Raekwon Davis, Alabama (6-7, 312): Davis was a three-year starter and three-year all-SEC performer for the Crimson Tide, though his production waned from 69 tackles (10 for losses) as a sophomore to 55 tackles (5.5 for losses) as a junior and 47 tackles (three for losses) as a senior. Of his 11.5 career sacks, 8.5 came as a sophomore.

While he wasn’t an All-American as a senior, he was proud of earning his diploma in exercise science. "Where I'm from, most people don't graduate or even see a Division I school," Davis said in a news conference. "The graduation part is a big accomplishment. I was excited. I worked hard for it, and it was the best experience of my life.” He added: “Nobody can take that away from me. Football can end at any time, but you’ll still have one thing you can fall back on. You spend three and a half years to get it, nobody can take it away, and you can do whatever you want with it.” While the numbers weren’t great, he was happy with his final season – especially when compared to his junior year, when he said he was too focused on the NFL. “I improved a lot,” he told the Tuscaloosa News. “On my double teams, how I pass rush, I feel like I improved. To other folks, they got they own opinions.” He was shot in the leg just before the 2017 season opener and recorded a sack a few days later.
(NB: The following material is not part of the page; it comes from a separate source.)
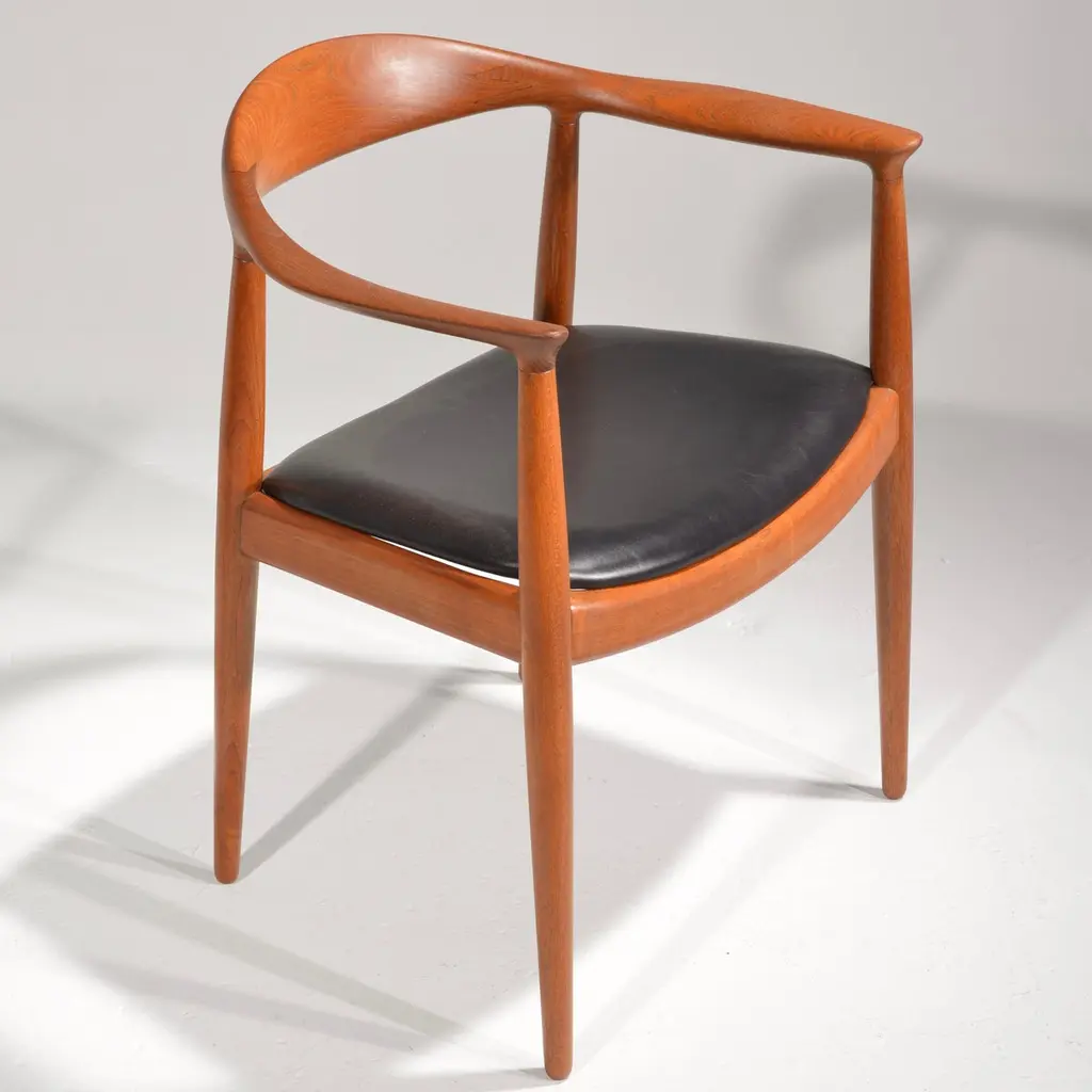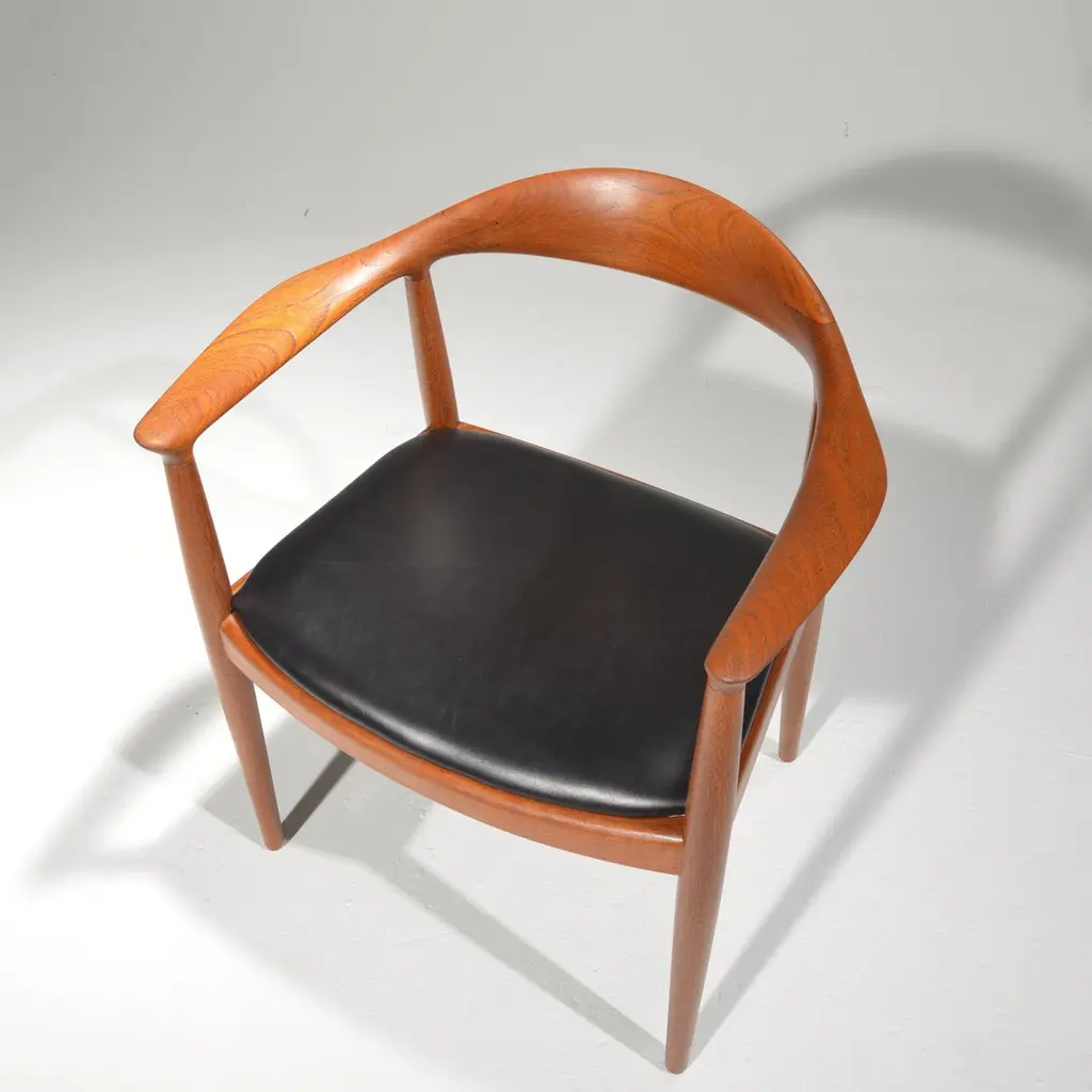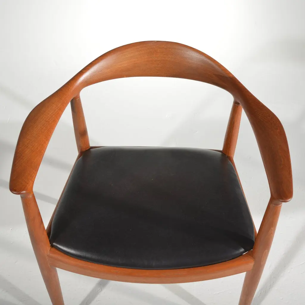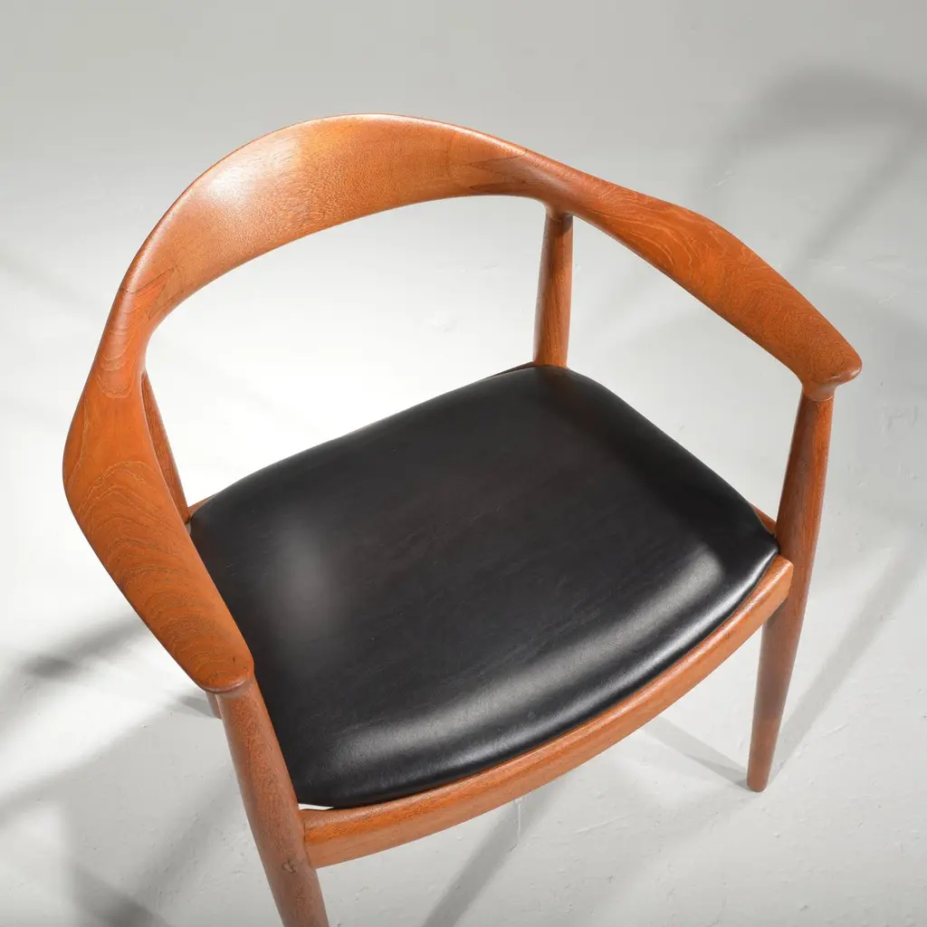 We are excited to offer 4 early Hans Wegner JH-503 chairs designed in 1949 and Produced by Johannes Hansen. Fully restored solid old growth teak construction. Stamped with the maker's mark. Currently we have 10 upholstered in black leather and one in white leather.

Jordan Elliott, Missouri* (6-4, 315): In two years at Mizzou, Elliott recorded 5.5 sacks and 16.5 tackles for losses. In 2019, he had 2.5 sacks and career highs of 44 tackles and 8.5 tackles for losses to earn second-team All-American. He started his career at Texas, recording eight tackles in six games in 2016. He had to sit out the 2017 season due to NCAA transfer rules.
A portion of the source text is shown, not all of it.